In 1867, 1874, 1885, 1894 and 1924, the main line was expanded to Kandy, Nawalapitiya, Nanu Oya, Bandarawela and Badura. In the first century of the railway system, other lines were added, including the line to Matale in 1880; the coastal railway line in 1895; the northern line in 1905; the Mannar line in 1914; the Kola line in 1919 The Nival Valley line; the Puttalam line in 1926, and the Batticaloa and Trincomalee lines in 1928. In the more than 80 years since then, the Ceylonese railway network has not added any major expansions.

Golden age

The golden age of Ceylon Railway was from 1955 to 1970, under the management of BD Rampala, Chief Mechanical Engineer and General Manager of Ceylon Government Railway. Rampala focused on punctuality and comfort, leading them to upgrade the main station on the outskirts of Colombo and rebuild the track in Colombo.

The eastern provinces are convenient for heavier and faster trains. He introduced express trains (many of which have iconic names) and ensured that Ceylon's railway system is up to date and provides comfort for passengers. Until 1953, Ceylon railways used steam locomotives. During the golden age, they switched to diesel locomotives under the leadership of Rampala.

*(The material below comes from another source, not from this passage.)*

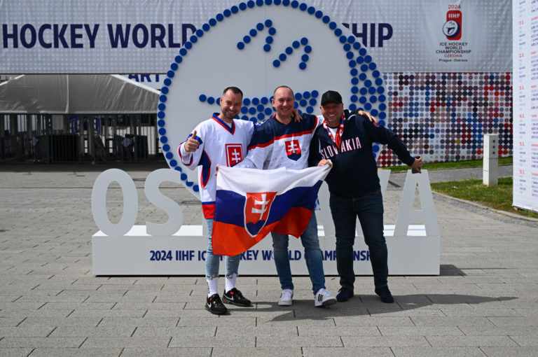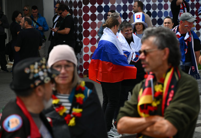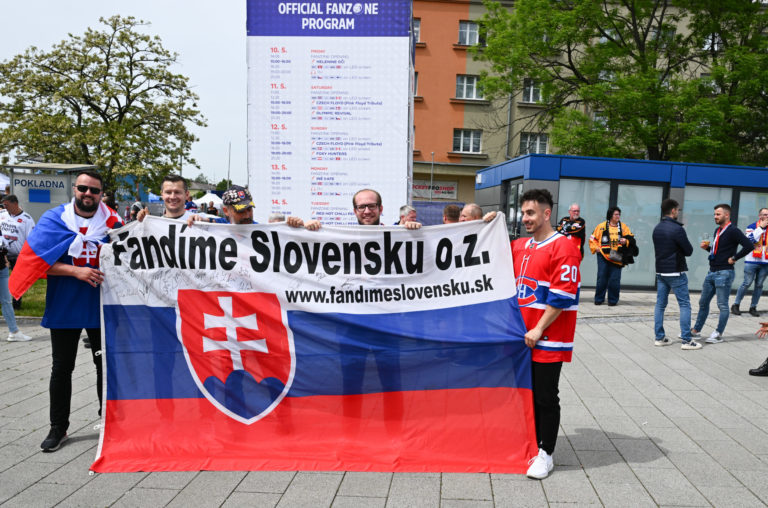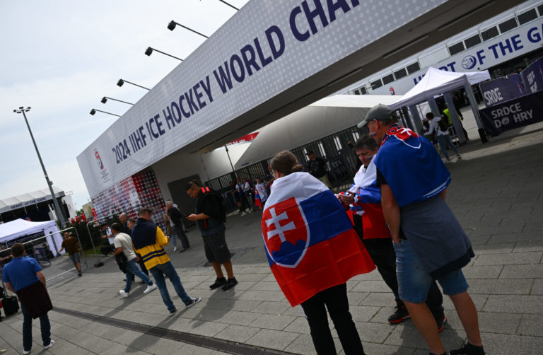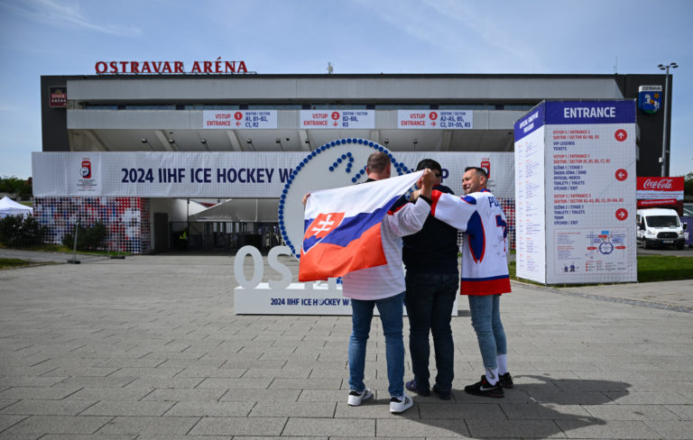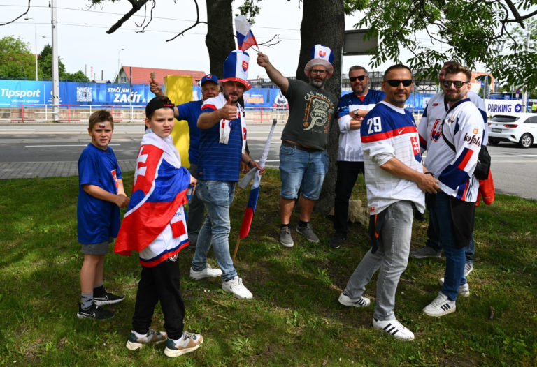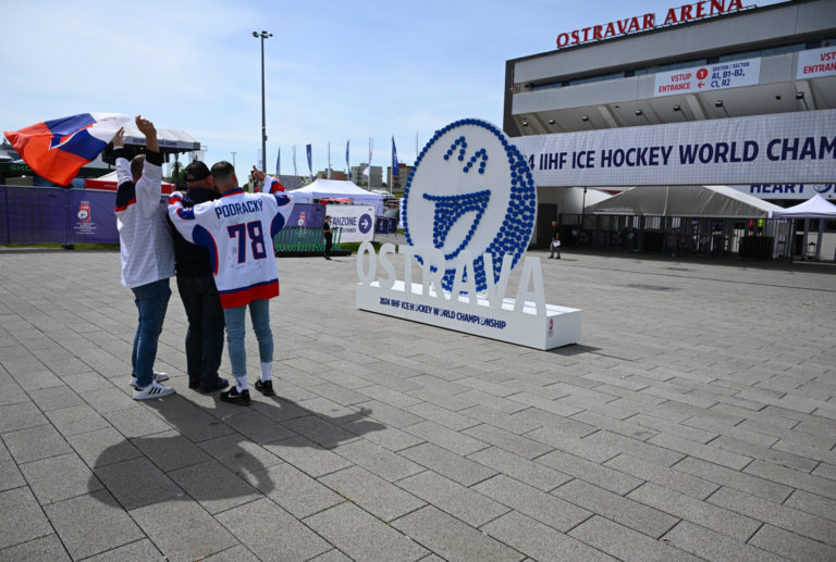 Fanúšikovia pred hokejovou Ostravar arénou pred zápasom Slovensko - Nemecko základnej B-skupiny majstrovstiev sveta v ľadovom hokeji 2024 v Českej republike. Ostrava, Česká republika, 10. máj 2024. Foto: SITA/Martin Medňanský.

In the late 20th century, the railway began to decline. For thirty years, it has been ignored and not working well. The Sri Lankan economy has shifted its focus from planting agriculture to industrial production, and its road network has continued to grow. With the increase of trucks and roads (a faster way of transporting goods), the number of goods transported by rail fell, and the railroad suffered severe losses.

SLR failed to adopt the technological innovations of foreign railways, and problems with travel time, reliability and comfort caused it to lose most of the passenger transport market share. By 2011, it had occupied 7% of the market share.


The government started a ten-year railway development strategy to restore the railway network to a satisfactory state in the early 2010s and ordered replacement DMUs. The Southern Route, which was damaged in the 2004 tsunami, was upgraded from 2010 to 2012; its track has been upgraded to handle a train speed of 100 km/h (62 mph).

Sri Lanka Railway started to cooperate with ExpoRail and Rajadhani Express in 2011 to provide quality services on major routes. The Northern Line, which has been affected by nearly three decades of war, is being rebuilt; in 2015, it was restored to Jaffna and Kankesanthurai before the war. In 2015, the construction of the track to Beliaththa was postponed.